I am writing a Naive Bayes classifier to perform indoor localization from a Wi-Fi signal strength. So far, this works well, but I have some questions about the missing features. This happens often because I use Wi-Fi signals, and WiFi access points are simply not available everywhere.
Question 1 . Suppose I have two classes: Apple and Banana, and I want to classify a test instance of T1, as shown below.

I fully understand how the Naive Bayes classifier works. Below is the formula that I use from the Wikipedia article in the classifier. I use the unified previous probabilities P (C = c), so I omit it in my implementation.

Now, when I calculate the right side of the equation and sort through all the probabilities of the class probabilities, what set of functions do I use? The test instance of T1 uses functions 1, 3, and 4, but the two classes do not have all of these functions.
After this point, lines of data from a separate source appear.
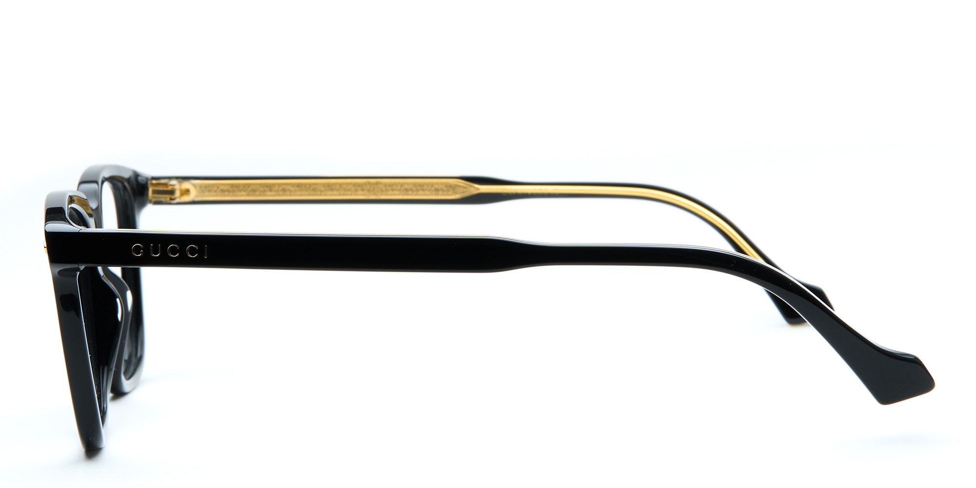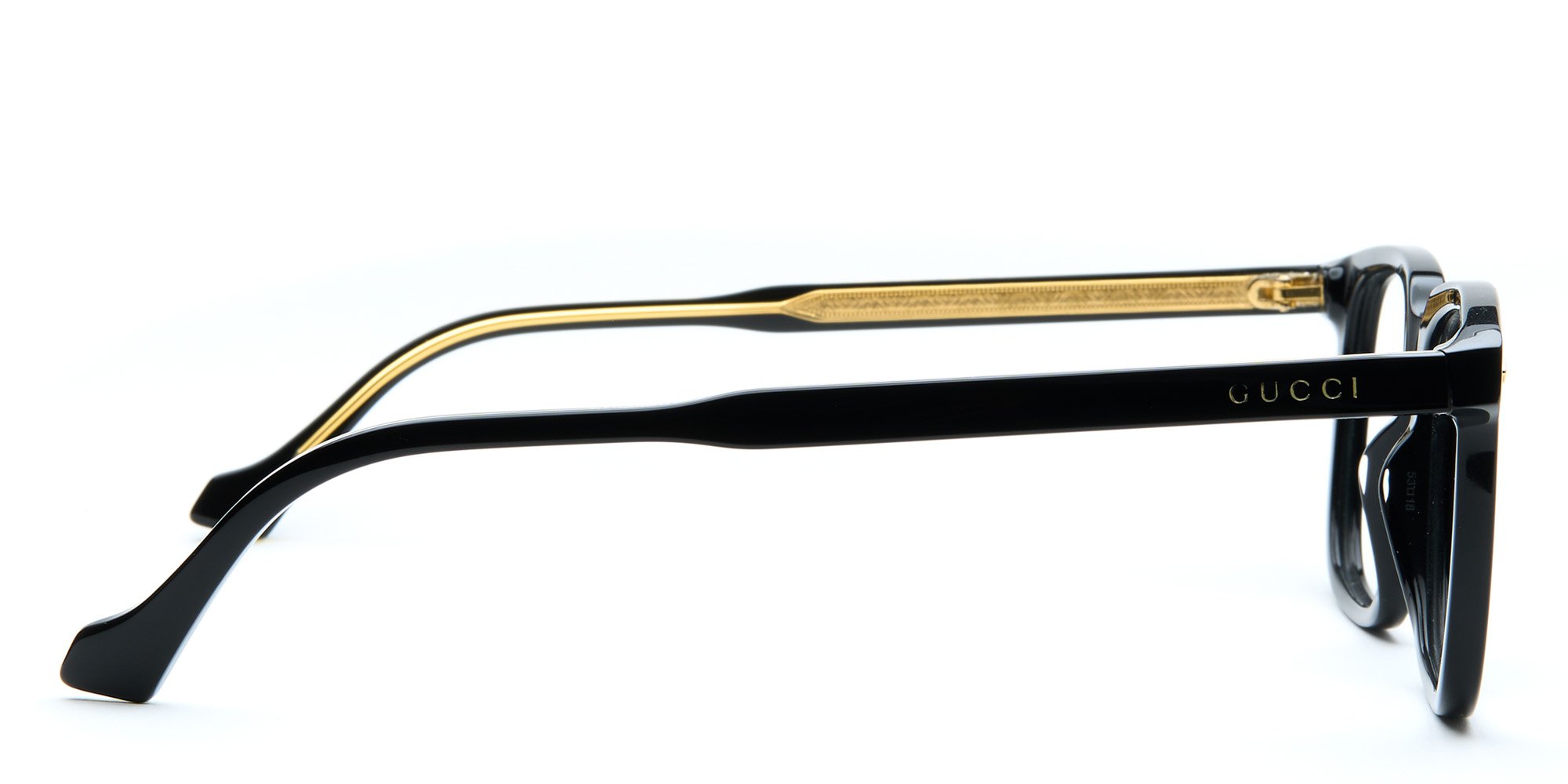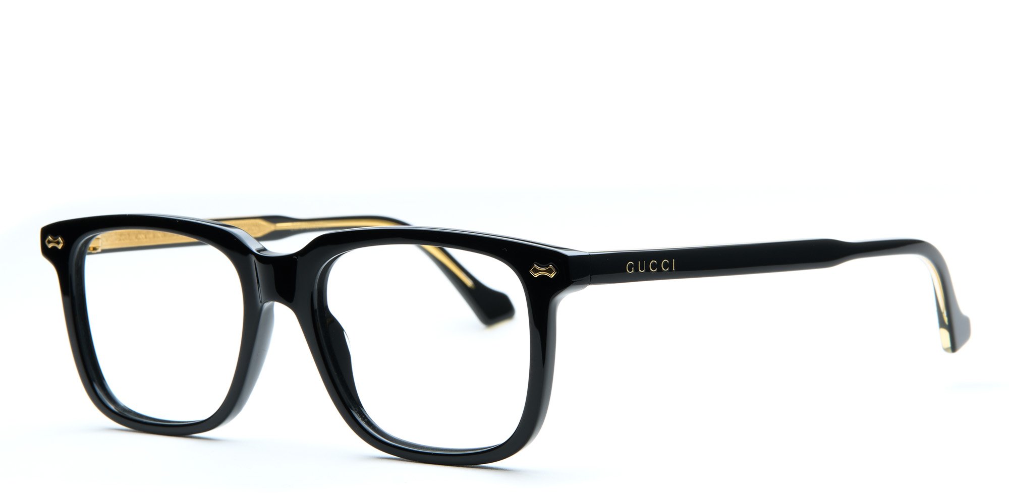 Be the fashion forward professional wearing the Gucci GG0737O eyeglasses. The timeless rectangular design gets a smart update with an unusual browline and pronounced wingtips for statement making style. The signature logo near the hinge complements the rivets on the endpoints for a cohesive look. The lustrous and lightweight performance plastic construction and easy to repair conventional hinges offer impressive durability. Complete your wardrobe wearing these refined eyeglasses from Gucci.
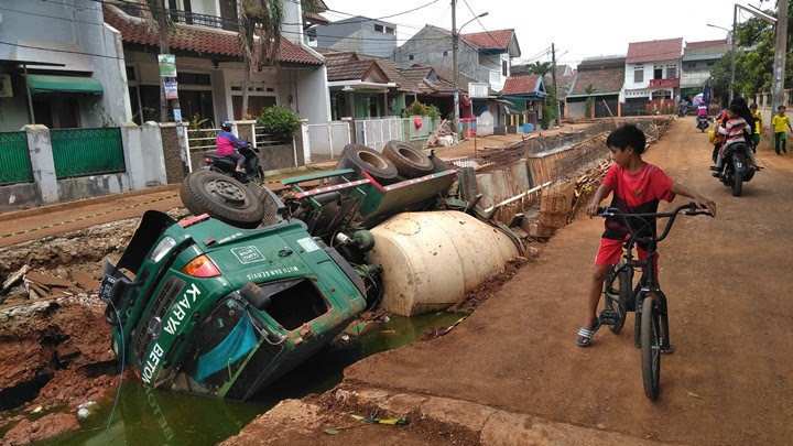 Truk Molen Tercebur Kali Rusak Bangunan Warga Perumahan Pbi
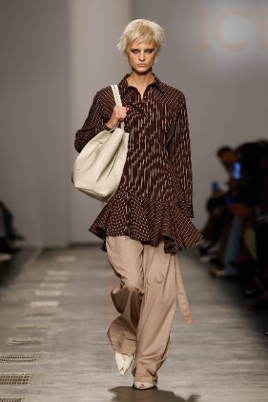 Pantaloni baggy contrapposti a tubini dalla silhouette aderente, fantasie gessate e toni caldi di marrone, rosso intenso e crema sfilano alla Milano Fashion Week sulla passerella Primavera/Estate 2026 di Iceberg
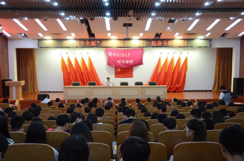为深入学习习近平总书记关于“四个全面”重大战略思想的论述,5月13日,经济学院在良乡举行党员先锋工程——“情源工商 为侨服务”党员志愿服务工作表彰大会。党内著名理论家、中共中央党校原副校长、中直机关侨联主席李君如应邀莅临指导并作以《在四个全面战略布局下,我们一起奋斗和前进!》为题的专题报告。
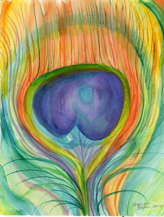 Peacock feather watercolor painting original colorful peacock | Etsy
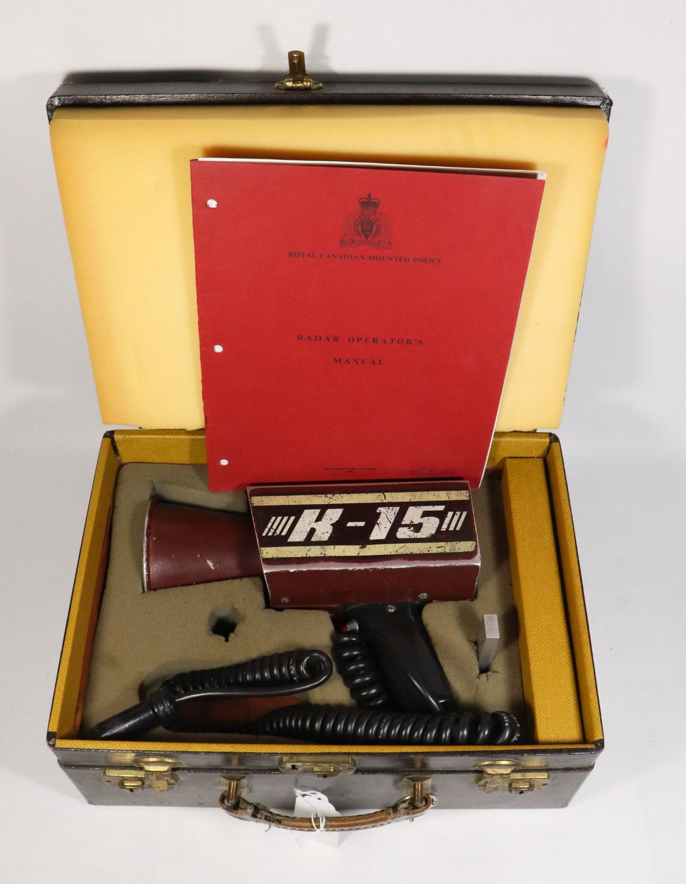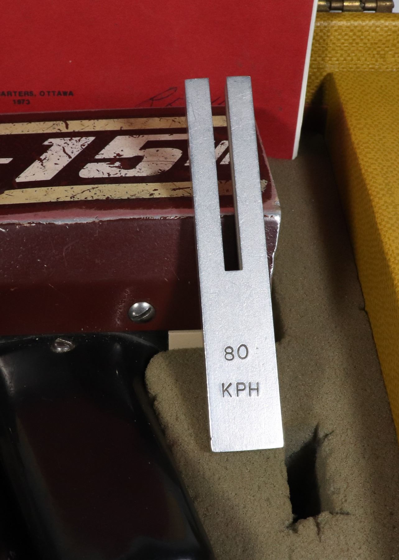 TURNS ON VINTAGE POLICE EQUIPTMENT IN CASE LATE 20TH CENTURY RADAR SPEEDOMETER
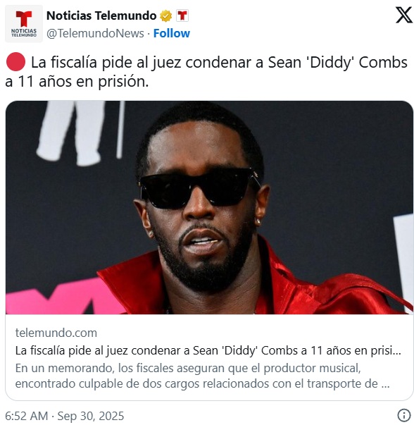 Fiscalía de EE.UU. pide 11 años de prisión para P. Diddy
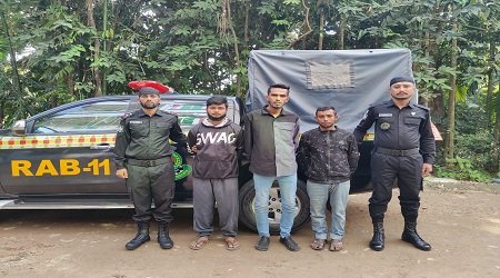 গ্রেফতারকৃতরা হলেন, উপজেলার ৫নং ছয়ানী ইউনিয়নের আমিরপুর এলাকার মো.শাহজাহানের ছেলে মো.রিশাত (২১), চৌমুহনী পৌরসভার উত্তর নাজিরপুর এলাকার এমাম হোসেন এমাম হোসেনের ছেলে মো.শাহাদাত হোসেন (২৮), চৌমুহনী পৌরসভার আলীপুর এলাকার মো.আবদুর রহিমের ছেলে মো.ইউসুফ হোসেন মিলন (২৩) ও ছয়ানী ইউনিয়নের ৬নম্বর ওয়ার্ডের কালিকাপুর গ্রামের নাটুয়ার বাড়ির জহিরুল ইসলামের ছেলে মো.মারুফ হোসেন (২০)। র্যাব-১১ এর সিপিসি-৩ নোয়াখালী কার্যালয়ের কোম্পানি কমান্ডার লেফটেন্যান্ট কমান্ডার মাহমুদুল হাসান বলেন, গোপন সংবাদের ভিত্তিতে শনিবার রাতে উপজেলার ১নং আমানউল্লাহপুর ইউনিয়নের আমিন বাজারের সামনে লক্ষ্মীপুর টু নোয়াখালী আঞ্চলিক সড়কে অভিযান চালিয়ে অস্ত্রধারী তিন সন্ত্রাসীকে গ্রেফতার করা হয়। এ সম তাদের থেকে একটি এলজি, তিনটি মোবাইল ও একটি মোটরসাইকেল জব্দ করা হয়। প্রাথমিক অনুসন্ধানে জানা যায়, গ্রেফতারকৃত আসামিরা এলাকায় মারামারি, দাঙ্গা-হাঙ্গামা সহ বিভিন্ন অপকর্মের সাথে জড়িত। নোয়াখালীর পুলিশ সুপার (এসপি) মো.শহীদুল ইসলাম বলেন, গোপন সংবাদের ভিত্তিতে গতকাল শনিবার দুপুর ২টার দিকে উপজেলার ছয়ানী ইউনিয়নের ৫নম্বর ওয়ার্ডের পশ্চিম খালিশপুর গ্রামের কাজী ছেলামত উল্যার বাগানে অভিযান চালিয়ে দেশীয় পাইপগান সহ এক যুবককে গ্রেফতার করে পুলিশ। এ ঘটনায় অস্ত্র আইনে মামলা হয়েছে। ওই মামলায় আসামিকে নোয়াখালী চীফ জুডিশিয়াল ম্যাজিস্ট্রেট আদালতে সোপর্দ করা হবে।
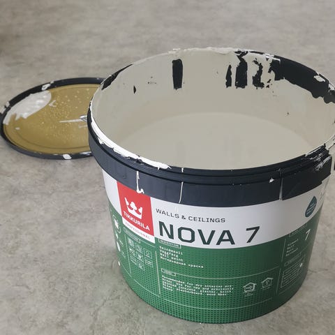 Sisustushommista ylijääneet maalit. Sininen on Tikkurilan Geneva ja vihreä New York. Kummassakin purkissa noin puolet jäljellä. Vain nouto Kempeleestä. 10e purkki tai 18e, jos otat molemmat.
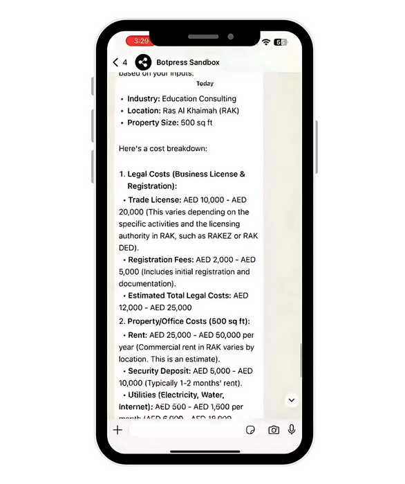 Avneet developed a no-code whatsapp chatbot designed to provide personalized guidance on the costs associated with starting a new business in the Middle East. The chatbot assists with financial planning by simulating various scenarios and generating data-driven forecasts with visual aids like interactive reports and calculators

Therefore, when I run my cycle to calculate the product of probability, I see several options for me to loop:
- Let's move on to combining all the functions from training, namely to functions 1, 2, 3, 4. Since the test instance of T1 does not have function 2, use an artificial tiny probability.
- Sort only those test instances, namely 1, 3, and 4.
- Scroll to the features available for each class. To calculate the conditional probability for Apple, I would use functions 1, 2, and 3, and for Banana, I would use 2, 3, and 4.
Which of the above should I use?
Question 2 . Let's say I want to classify a test instance of T2, where T2 has a function not found in any of the classes. I use logarithmic probabilities to help eliminate the underflow, but I'm not sure about the details of the loop. I am doing something like this (in pseudocode similar to Java):
Double bestLogProbability = -100000; ClassLabel bestClassLabel = null; for (ClassLabel classLabel : allClassLabels) { Double logProbabilitySum = 0.0; for (Feature feature : allFeatures) { Double logProbability = getLogProbability(classLabel, feature); if (logProbability != null) { logProbabilitySum += logProbability; } } if (bestLogProbability < logProbability) { bestLogProbability = logProbabilitySum; bestClassLabel = classLabel; } }
The problem is that if none of the classes has test instance functions (function 5 in the example), then logProbabilitySum will remain 0.0, which will lead to a better logarithmic probability of 0.0 or linear probability of 1.0, which is clearly incorrect. What is the best way to handle this?